Consider how Kathleen Stock is typically represented as having been forced out of her job by student protests or by trans activists. Stock was publicly supported by her vice chancellor on the grounds of protecting her free speech. In one instance, a PhD student from another university was scheduled to give a talk at the same time as Stock. The student was going to offer a critique of “gender critical” feminism including Stock’s work. Stock cancelled her own talk. “Gender critical” academics Judith Suissa and Alice Sullivan describe these events in the following way, “when Stock was invited to give a lecture on aesthetics at her own institution, graduate students invited a twitter-troll known primarily for her obsessive interest in Stock to give a talk denouncing her at the same time. Stock told The Times, ‘Forty faculty attended. I was very upset.’”[23] Not only was the PhD student simply dismissed as a “twitter-troll,” but that she was invited to speak and that people attended her talk was called “bullying.” The student’s own arguments are not represented as exercising her own free speech but as cancelling Stock’s (even though she technically cancelled herself).

The dismissal of critiques of gender critical beliefs as harassment is exercised in the actual judgement. The judgement is thus an import of an already-told, much-rehearsed story that gets told across diverse media about how “gender critical” feminists being hounded out of their jobs. Imports become exports. Many of the people who have written to me about being harassed by colleagues who are part of the “gender critical” feminist movement, have noted how these colleagues typically use the media to extend that harassment by telling the story of what happened, which they alone get to tell at least publicly, whilst using these same stories to position themselves as having been censored.[24] I noted in my 2021 book Complaint! that who controls the story of a complaint often repeats who controls the situation that the complaint is about. [25]

The dismissal of objections to the network as harassment of a person with “gender critical beliefs” is not only a failure of judgment but a sign of the success of “gender critical” feminism as a PR machine. And so, with the repetition of this story of censorship comes an increase in profoundly offensive speech acts about trans people as dangerous and deluded that many people will find “profoundly offensive,” to quote again from the Forstater ETA. Any objections to the network, or any critiques of the work of scholars attached to the network, can then also be used as evidence in future cases brought to Employment Tribunals.[26]

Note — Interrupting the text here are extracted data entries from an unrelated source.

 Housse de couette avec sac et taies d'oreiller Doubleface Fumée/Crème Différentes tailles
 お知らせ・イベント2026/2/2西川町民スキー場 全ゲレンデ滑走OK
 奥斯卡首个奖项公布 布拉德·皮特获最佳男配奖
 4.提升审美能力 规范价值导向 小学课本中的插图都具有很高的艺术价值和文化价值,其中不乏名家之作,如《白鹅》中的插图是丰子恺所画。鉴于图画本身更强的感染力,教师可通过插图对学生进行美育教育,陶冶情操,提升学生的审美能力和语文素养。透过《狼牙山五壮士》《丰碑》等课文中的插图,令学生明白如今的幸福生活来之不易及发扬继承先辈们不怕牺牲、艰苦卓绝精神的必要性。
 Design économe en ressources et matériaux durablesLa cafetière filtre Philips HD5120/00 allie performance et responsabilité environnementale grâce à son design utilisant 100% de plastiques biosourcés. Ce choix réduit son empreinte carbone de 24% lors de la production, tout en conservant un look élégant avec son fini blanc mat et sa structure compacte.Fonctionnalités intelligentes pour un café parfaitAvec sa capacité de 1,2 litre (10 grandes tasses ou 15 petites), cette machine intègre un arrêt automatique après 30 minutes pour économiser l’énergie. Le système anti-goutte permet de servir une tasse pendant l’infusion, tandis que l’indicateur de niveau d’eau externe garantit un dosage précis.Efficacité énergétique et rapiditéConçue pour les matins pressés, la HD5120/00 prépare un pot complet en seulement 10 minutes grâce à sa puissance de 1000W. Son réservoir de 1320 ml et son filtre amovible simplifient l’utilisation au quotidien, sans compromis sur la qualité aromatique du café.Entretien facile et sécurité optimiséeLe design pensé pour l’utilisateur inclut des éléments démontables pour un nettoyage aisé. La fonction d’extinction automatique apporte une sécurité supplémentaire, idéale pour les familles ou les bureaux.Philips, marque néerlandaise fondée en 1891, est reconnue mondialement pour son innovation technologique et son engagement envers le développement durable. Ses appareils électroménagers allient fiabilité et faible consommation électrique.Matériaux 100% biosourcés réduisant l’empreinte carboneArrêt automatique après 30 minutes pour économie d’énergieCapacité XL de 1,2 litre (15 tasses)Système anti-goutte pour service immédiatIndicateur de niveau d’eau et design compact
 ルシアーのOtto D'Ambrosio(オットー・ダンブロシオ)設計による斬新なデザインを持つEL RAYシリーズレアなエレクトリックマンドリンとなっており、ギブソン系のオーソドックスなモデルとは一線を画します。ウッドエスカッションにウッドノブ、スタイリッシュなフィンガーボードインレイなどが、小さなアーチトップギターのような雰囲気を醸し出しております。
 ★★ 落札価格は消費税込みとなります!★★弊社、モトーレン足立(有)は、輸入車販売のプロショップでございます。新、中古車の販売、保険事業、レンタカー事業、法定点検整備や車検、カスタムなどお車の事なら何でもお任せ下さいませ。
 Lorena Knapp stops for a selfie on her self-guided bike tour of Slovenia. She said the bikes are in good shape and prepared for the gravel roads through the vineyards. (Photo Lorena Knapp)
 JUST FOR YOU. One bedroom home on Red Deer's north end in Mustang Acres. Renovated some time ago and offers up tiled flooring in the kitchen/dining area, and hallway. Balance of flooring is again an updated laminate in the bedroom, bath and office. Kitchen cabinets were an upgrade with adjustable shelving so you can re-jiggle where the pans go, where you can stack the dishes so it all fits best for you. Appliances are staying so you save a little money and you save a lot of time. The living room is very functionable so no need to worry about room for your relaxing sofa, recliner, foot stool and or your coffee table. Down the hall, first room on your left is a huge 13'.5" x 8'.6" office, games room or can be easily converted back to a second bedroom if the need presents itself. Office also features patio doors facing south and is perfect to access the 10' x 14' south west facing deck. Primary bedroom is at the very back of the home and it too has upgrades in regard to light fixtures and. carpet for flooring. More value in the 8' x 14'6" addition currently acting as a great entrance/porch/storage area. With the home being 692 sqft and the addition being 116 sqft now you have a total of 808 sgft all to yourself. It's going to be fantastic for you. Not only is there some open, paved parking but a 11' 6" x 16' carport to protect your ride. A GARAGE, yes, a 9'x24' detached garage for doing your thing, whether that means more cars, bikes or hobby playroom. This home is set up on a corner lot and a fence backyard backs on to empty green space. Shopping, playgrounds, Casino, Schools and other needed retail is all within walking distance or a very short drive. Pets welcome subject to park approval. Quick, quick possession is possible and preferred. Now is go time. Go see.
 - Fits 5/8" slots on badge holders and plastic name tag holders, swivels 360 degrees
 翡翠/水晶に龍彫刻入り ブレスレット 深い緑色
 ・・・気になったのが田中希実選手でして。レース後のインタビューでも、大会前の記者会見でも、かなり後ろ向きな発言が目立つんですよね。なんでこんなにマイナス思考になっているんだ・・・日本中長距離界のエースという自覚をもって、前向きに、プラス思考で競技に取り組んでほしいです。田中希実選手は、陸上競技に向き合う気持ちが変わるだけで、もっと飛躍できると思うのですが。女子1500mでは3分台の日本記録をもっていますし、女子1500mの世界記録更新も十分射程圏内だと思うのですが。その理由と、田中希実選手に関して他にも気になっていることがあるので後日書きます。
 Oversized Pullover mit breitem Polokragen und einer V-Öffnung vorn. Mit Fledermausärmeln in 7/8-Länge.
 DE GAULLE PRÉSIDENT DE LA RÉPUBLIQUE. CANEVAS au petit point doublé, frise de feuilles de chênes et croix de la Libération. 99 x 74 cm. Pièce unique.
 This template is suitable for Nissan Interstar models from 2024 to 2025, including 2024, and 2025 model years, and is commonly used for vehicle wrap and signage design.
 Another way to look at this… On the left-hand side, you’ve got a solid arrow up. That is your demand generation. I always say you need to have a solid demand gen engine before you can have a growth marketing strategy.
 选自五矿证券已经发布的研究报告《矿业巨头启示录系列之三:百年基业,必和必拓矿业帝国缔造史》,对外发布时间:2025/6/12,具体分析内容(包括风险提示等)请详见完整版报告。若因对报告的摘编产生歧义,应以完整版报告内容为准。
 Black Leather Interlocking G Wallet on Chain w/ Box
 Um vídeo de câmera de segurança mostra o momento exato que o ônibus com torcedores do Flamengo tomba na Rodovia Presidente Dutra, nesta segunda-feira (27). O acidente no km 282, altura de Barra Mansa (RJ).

I opened this post by suggesting that how Employment Tribunals are dealing with cases of protected beliefs could threaten the Equality Act (2010) itself with its clear statement of “a positive equality duty.” I would argue that the success of “gender critical” feminists is in part because of the central idea that biological sex is immutable, what cannot be changed, is very attractive to people with a conservative “anti-woke” agenda. In other words, the successes of “gender critical” advocates at Employment Tribunals are not feminist successes; they might even signal the opposite of a feminist success – becoming the basis for an ever-tightening model of sex, reproduction, body, nature and culture that could end up eroding hard-fought-for rights including to bodily autonomy. The very identification of diversity and equality as “woke” is an argument that change is being imposed or that beliefs in change (that sex can be changed, or bodies, or marriage, or families, or institutions or history) are being imposed. Conservative and anti-woke commentators are thus now increasingly targeting equality and diversity initiatives in the UK and elsewhere. Queer rainbow flags, the use of pronouns in signatures, critical race theory, Gender Studies, diversity statements and gender inclusive language are all routinely dismissed and described as “ideological capture” and as “compelled speech.”[27]

Take another Employment Tribunal case brought by Sean Corby (2023, 805305). His employer, ACAS, had ordered him to remove comments he had made criticising Critical Race Theory on social media. Corby’s argument was that “critical race theory” encouraging division by branding white people racist. The tribunal unanimously concluded that Corby’s beliefs are “worthy of respect in a democratic society,” even “if they are not universally shared and were objected to by some of the claimant’s colleagues.” Mr Corby said of the judgement: “Colleagues who’d never met me and knew nothing about me or my life targeted me and called me a racist. This caused me a great deal of distress.” He added: “I’m delighted we have made a stand and taken a step to embedding in the workplace a more conciliatory and harmonious approach to dealing with issues around race.”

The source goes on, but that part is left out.